Er kehrte 1947 nach Palästina zurück, um die TJFF zu kommandieren, wo er die heikle Aufgabe hatte, die Truppe aufzulösen, um den Weg für den britischen Rückzug zu ebnen, eine Aufgabe, die er mit großem Geschick bewältigte. Anschließend verbrachte er seinen Urlaub in Österreich und belegte ein Semester in postgradualer Mediävistik an der Universität Graz. Nachdem er 1951 das Imperial Defense College besucht hatte, kommandierte er 1954 die 20. Panzerbrigade, bevor er zum Generalmajor und Kommandeur der 7. Panzerdivision befördert wurde. Er sprach fließend Deutsch und war aktiv bei der Förderung der englisch-deutschen Beziehungen und des Studiums Deutschlands durch die Mitarbeiter der BAOR. 1958 verließ er Deutschland, um Kommandant des Royal Military College of Science in Shrivenham zu werden und wurde 1961 zum Generalleutnant befördert sowie zum GOC, Nordirland. Er hielt auch die Lees Knowles-Vorlesungen in Cambridge, die allgemein für ihren akademischen Rang gelobt wurden und sehr gut aufgenommen wurden. 1963 wechselte er als stellvertretender Chef des Generalstabs in das Verteidigungsministerium, zuständig für Truppenorganisation und Waffenentwicklung.

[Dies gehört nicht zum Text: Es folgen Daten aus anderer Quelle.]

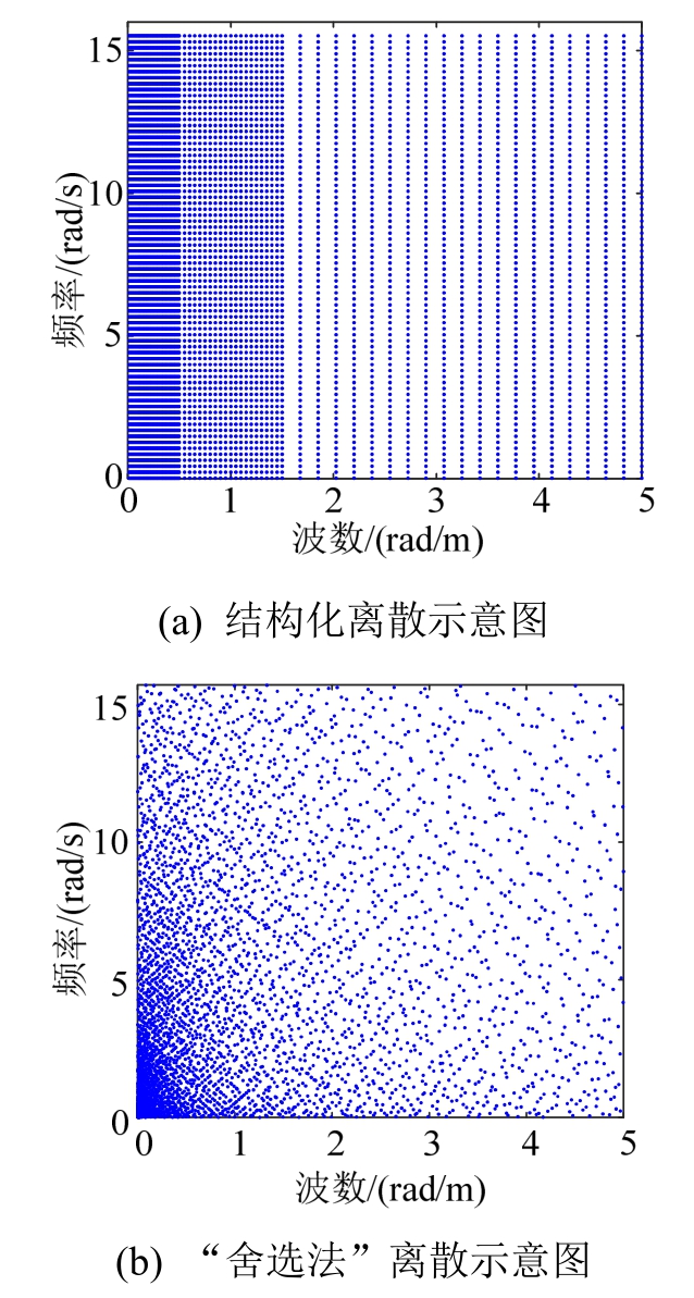 需要注意的是,式(31)是基于波数和频率两个方向均匀离散的结果。更重要的是,式(30)的联合功率谱,其能量主要分布在距原点较近的区域,且谱值变化很快,同时联合功率谱具有较长的尾部。且空间高度越高(z越大),这一特征越明显。由于这些特征,在均匀离散时为了能够较为准确地刻画功率谱在频域-波数域上的能量分布情况,在频率方向上需要离散数目为 103量级的频率点,而在波数方向上需要离散量级近 104的波数点,因而总的点数达到 1 06 ~107量级,这导致了很大的计算量。为了进一步提高效率,可以采用非均匀离散的思想,即在联合功率谱谱值较大的区域离散点较为密集,而在其它区域则较为稀疏,由此可以显著减少总的离散点数,从而大大降低计算量。为此,本文提出“结构化”和“舍选法”思想的两种非均匀离散方式。

Er war im Ausschuss beeindruckend und wusste genau, was seine Rolle beinhaltete, und er kämpfte mit Menschen auf allen Ebenen der Regierung, wenn die Sache dies rechtfertigte. Als führende Figur bei der Neuordnung der Territorialarmee erlitt er große Unbeliebtheit. Es war daher eine umstrittene Entscheidung, ihn zum General zu befördern und ihm das Kommando über BAOR und das parallele Kommando über die Northern Army Group der NATO zu übertragen, aber seine Fähigkeit, mehrere Sprachen zu sprechen, machte ihn zu einer internationalen Persönlichkeit, ebenso wie seine Freundschaft mit ausländischen Soldaten wie General Kielmansegg der Bundeswehr. 1968 schrieb er einen höchst kontroversen Brief an die Times, in dem er die offensichtliche Unbesorgtheit der britischen Regierung über die Stärke der NATO-Streitkräfte in Europa kritisierte, den Brief jedoch mit seinem NATO-Hut und nicht mit seinem britischen unterzeichnete. Das Aufsehen erregte seinen besonderen Humor.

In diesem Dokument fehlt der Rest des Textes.